As the NDA rapidly approached, some popular overclocking sites such as XtremeSystems and VR-Zone started posting teasers for the soon to be released "DFI LanParty UT ICFX3200 - TR2/G". However, a big surprise was the revelation that the RD600 was based on a version of the RD480 or the Xpress 1600 chipset. One popular reason for this was that the RD480 was also designed for an Intel platform but constant delays and revision issues caused the Intel RD480 to become the RD600.

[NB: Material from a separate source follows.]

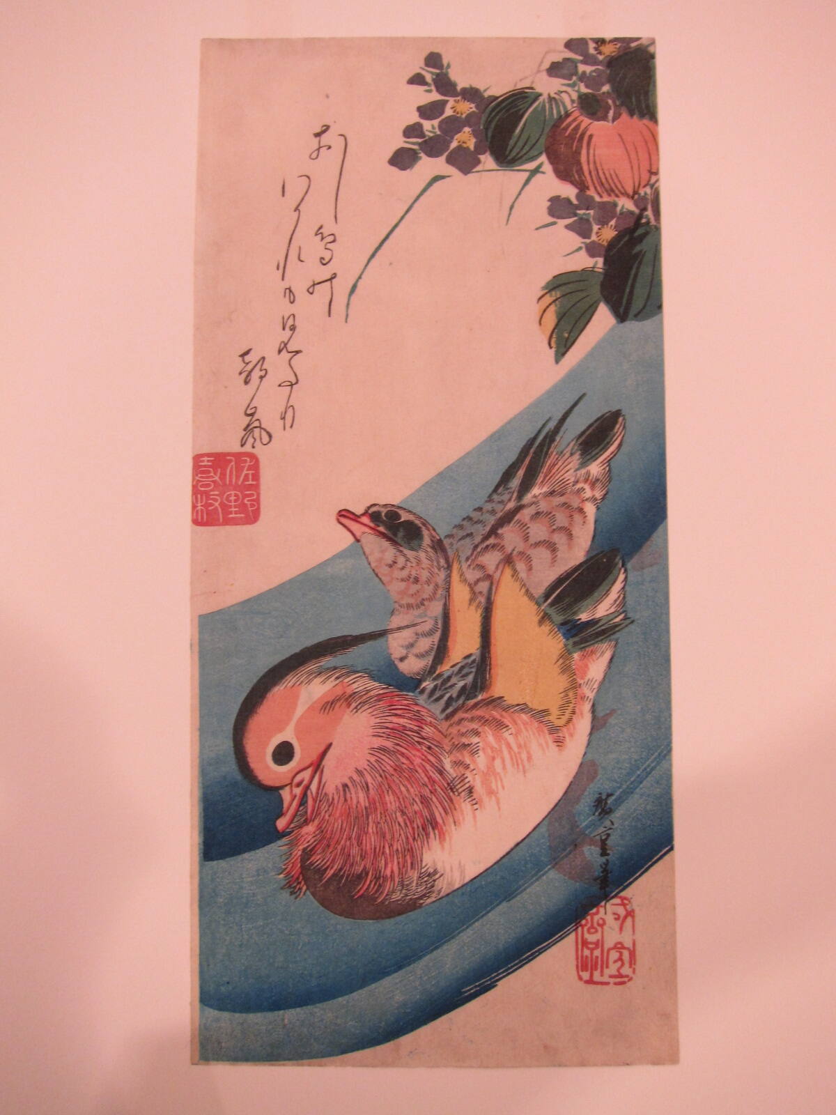 Mandarin Ducks Swimming under Bell Flowers

Recent report says Asus has finished a chipset design for RD600.

====Official features====
- 2 or 3 physical PCI Express slots
- 20 PCI-Express lanes configured with 2 PCI-E lanes dedicated for Northbridge and Southbridge connection, 16x PCI-E lane for dedicated graphics (2 8x PCI-E lanes when in Crossfire mode) and a 2x lane for Crossfire physics. The revised Northbridge - Southbridge link from the RD580 is used and a revised PCI-E controller built into the Northbridge.
- Support for up to 6 SATA hard disks

==Trivia==
- The RD580 was codenamed "Manta" because of the use of aquarium fishes for codenames within ATI.
- Engineering samples were completed just after the launch of Nvidia's nForce 4 16x SLI.
- The RD580 was supposedly launched on the same day the Radeon X1900 but it was delayed to coincide with the launch of the socket AM2. However, with the slippage in the Socket AM2 to June 6, 2006, ATI decided to launch on March 1, 2006.
- The package of the RD580 is no bigger than a US 50-cent coin and has a thermal dissipation rating of 7 watts.
- The world record for highest 3DMark2005 score using Crossfire was achieved on this chipset during the launch.
- Asus was rumoured selling the chipset before the launch of the Xpress 3200 in Seville. It was confirmed by various overclocking websites all round the world.
- The Xpress 3200 is pin-compatible with the Xpress 200 boards, making R&D much more cost-effective.
- ATI released the Xpress 3200 for AM2 after Nvidia's launch of the nForce 500 series.
- AMD has renamed the chipsets for AMD platform as the AMD 580X Crossfire after the takeover of ATI.